The imaging database for patients contains only cases of intermediate AMD, thus limiting the method’s applicability to other stages of AMD.

3 Results

This section shows the results of experiments performed with the segmentation method of the edges of the retinal layers presented in Section 2.

The image dataset was divided into two groups. A group composed of 308 volumes of OCT was allocated to training, and another group with 76 volumes was reserved for testing. The data for each group were selected randomly, however respecting the proportion of the distribution of exams with AMD and the control group existing in the base (269: 115). Therefore, the set of images for training consisted of 220 volumes with AMD and 88 from the control group. It was used to train the networks that make up the initial and final segmentation stages. The test set was made up of 50 volumes with AMD and 26 from the control group.

For each volume of the training set, 5 B-scans were selected to train the networks, comprised of 1540 images, where 540 of which were used for validation.
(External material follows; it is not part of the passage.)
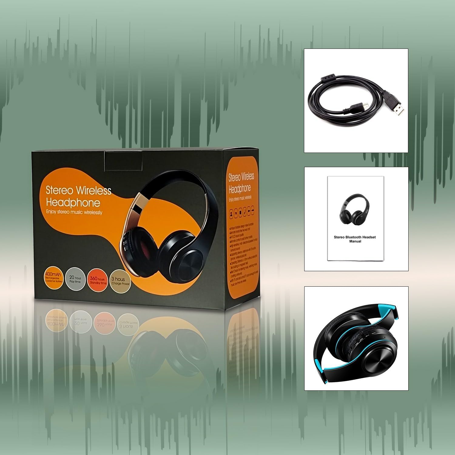 1)Bluetooth V5.0 version + MP3 function+ FM radio+ Wired playing support stereo music playing, phone calling...2) Support all audio devices that have Bluetooth capability, such as, cell phone ,tablet PC,laptop,computer etc. 3) 3.5mm audio jack, provides a simple wired connection of a variety of devices without Bluetooth. 4) Allow you to answer or reject phone calls anytime and anywhere. 5) Charged via USB, rechargeable battery, convenient and practical. 6) Playing time up to 20 hours, standby time up to 360 hours. 7) Good quality, foldable design and adjustable length hinges, very comfortable to wear and easy to carry. 8) Best choice for listening music, watching movie, chatting online etc. 9)With SD card insert,without any bluetooth device,can still enjoy music any time any where. 10)Cool shinnging outlook adds the fashionable feel.
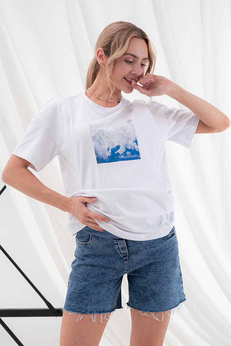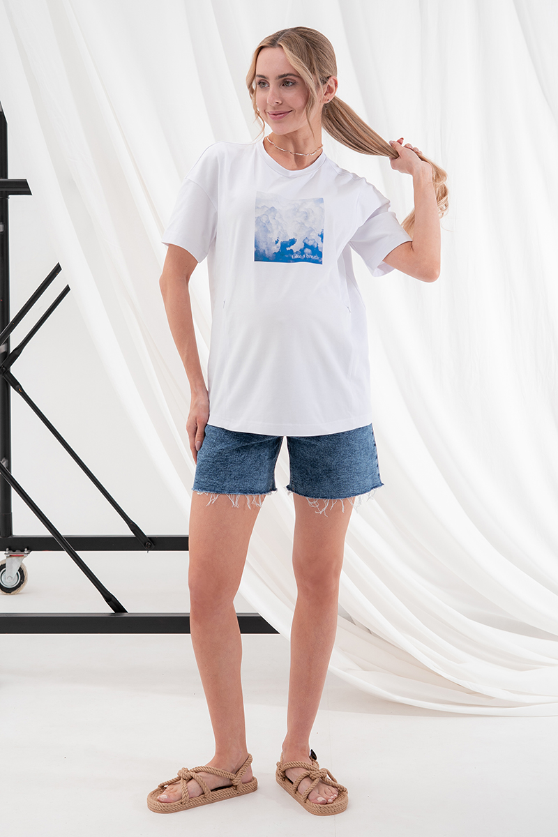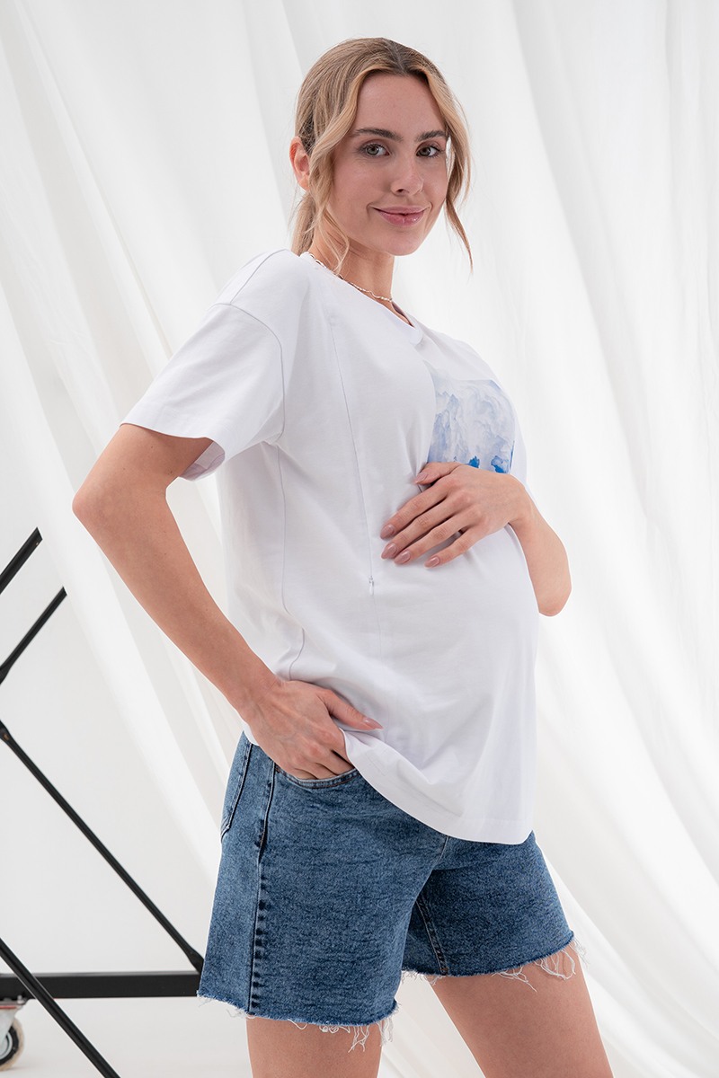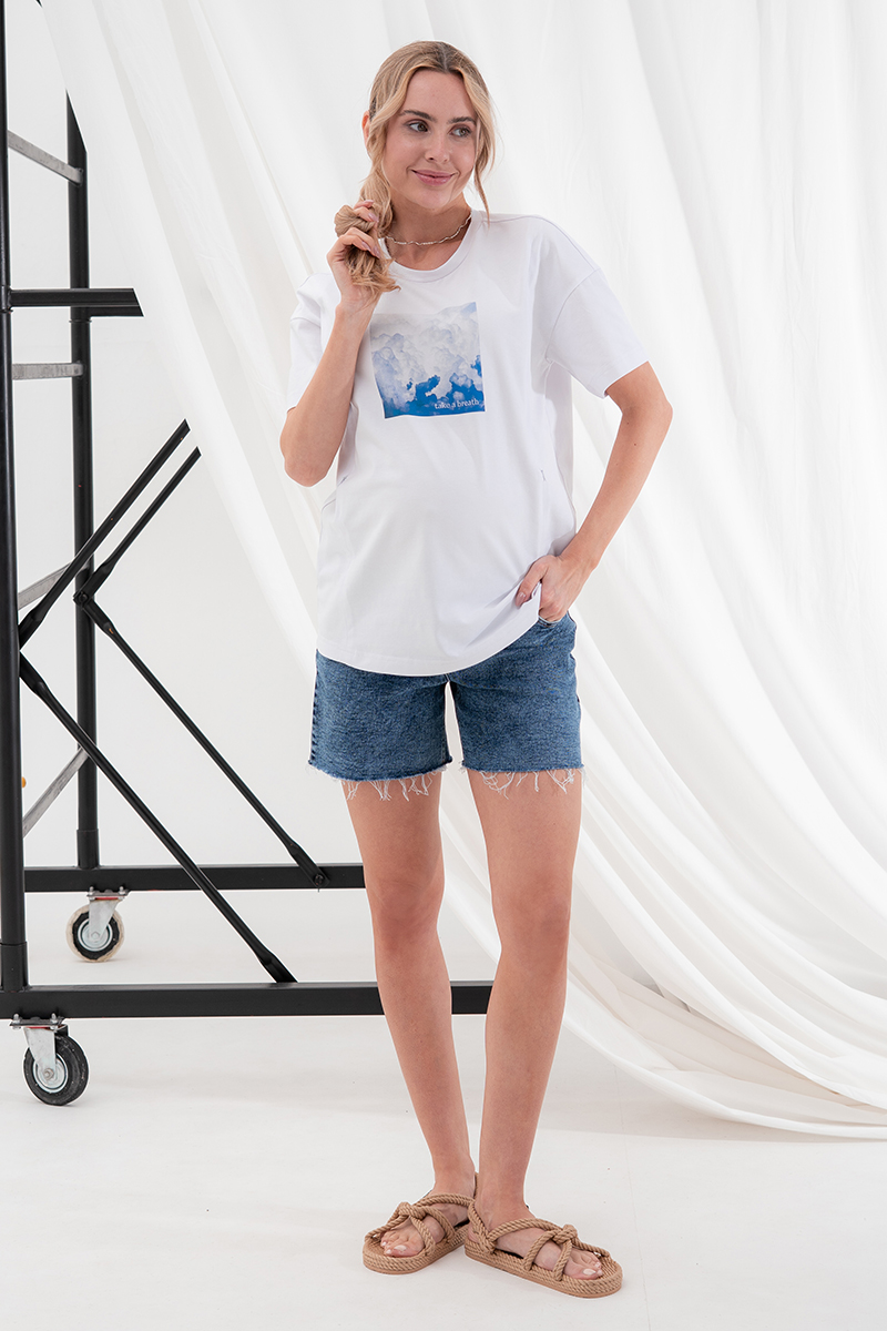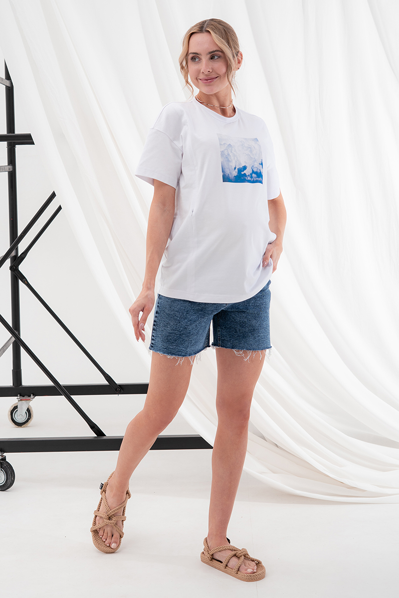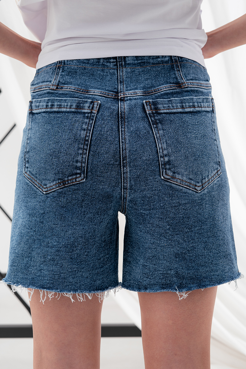 Вільні шорти для вагітних у повсякденному стилі із джинсу з відкритими зрізами внизу.

Since each base volume contains 100 B-scans, but not all possess a ground truth, the most central ones were chosen since it contains complete markings of the edges of the retina layers. The segmentation tests evaluated 3,600 B-scans.

The initial segmentation step has the objective of separating two areas in the image where the edges of the layers are positioned. We can verify by the structure of the retina that the ILM is separated from the other two (RPE, BM), as explained in Section 2.4. The U-net was used for this task and generated desired results, reaching a Dice of 97% in the test. In Fig 7, we can see examples of the results generated by the step.

Fig 7 — On the left, the original image of the mask, and on the right, the result of the network.

Table 1 shows the results obtained for the segmentation of the ILM edge, the inner edge of the RPE, and the outer edge of the BM, with the results of calculating the error between our automatic segmentation method and the ground truth provided by the dataset. The values of the average of the MAE are considered low, presenting a higher value for the edges of the RPE and BM due to the fact that in retinas with AMD, drusen that cause deformations between these two layers are formed. The results showed low standard deviation values, showing that the method is very consistent, even between classes.

Table 1. The results of segmentation of the edges of the retinal layers.

Group	Edge	Mean Absolute Error
Group	Edge	Mean	std
AMD	ILM	0.49	0.10
	RPE	0.56	0.06
	BM	0.70	0.13
Control	ILM	0.48	0.08
	RPE	0.58	0.09
	BM	0.59	0.08
All	ILM	0.49	0.09
	RPE	0.57	0.07
	BM	0.66	0.12

Open in a new tab

In Figs 8 and 9, we can see cases where the method managed to generate a result very close to the ground truth, a feature that stands out is the ability to detect the curvatures present at the edges of the layers, especially in the RPE and BM, as they suffer from deformations caused by drusen. In Fig 10, we have cases of error, where the method generated some flaws in the segmentation of the edges. In these errors, the method did not classify these pixels as belonging to the class of that edge, this happens when the noise level in that area makes analysis difficult, and the noise removal filter is not always able to remove and at the same time maintain the characteristics of the edges.

Fig 8 — Images from the exam “AMD _1057”, in the left column are the results of our method, the dataset annotation is in the right column.

Fig 9 — Images from the exam “AMD _1090”, in the left column are the results of our method, the dataset annotation is in the right column.

Fig 10 — (a) Exam B-scan 46 “AMD_1053”. (b) Exam B-scan 32 “AMD_1081”.

4 Discussion

The proposed method showed great robustness in the task of segmenting the edges of the retinal layers in OCT images.

It is a fully automated method. The difficulty of this task is widely recognized. The majority of studies obtained inferior results using the same dataset.

The use of a public dataset is another important feature of this work, as it allows other authors to repeat the experiments and establish comparative analysis. In this work, we use the data set from [16], which is a dataset of OCT exams with patients with intermediate AMD and healthy manifestations. It is worth mentioning that the results obtained in this experiment are very promising, and they stood out among other works proposed for the same task. In the proposed method, segmentation of the edges of the layers is a fully automated process performed entirely by two CNN models, which are very robust tools that perform implicit extraction and selection of features. This is a positive aspect because it eliminates the need to empirically determine the set of characteristics to be used in the learning process and techniques to be used in the selection of resources.

The final segmentation step is performed by DexiNed, which is a convolutional neural network created specifically for edge detection. Finally, the combination of all the techniques in this work provided a better segmentation as the results presented in Table 1 showed.

Despite presenting several positive factors, the proposed method also has some limitations.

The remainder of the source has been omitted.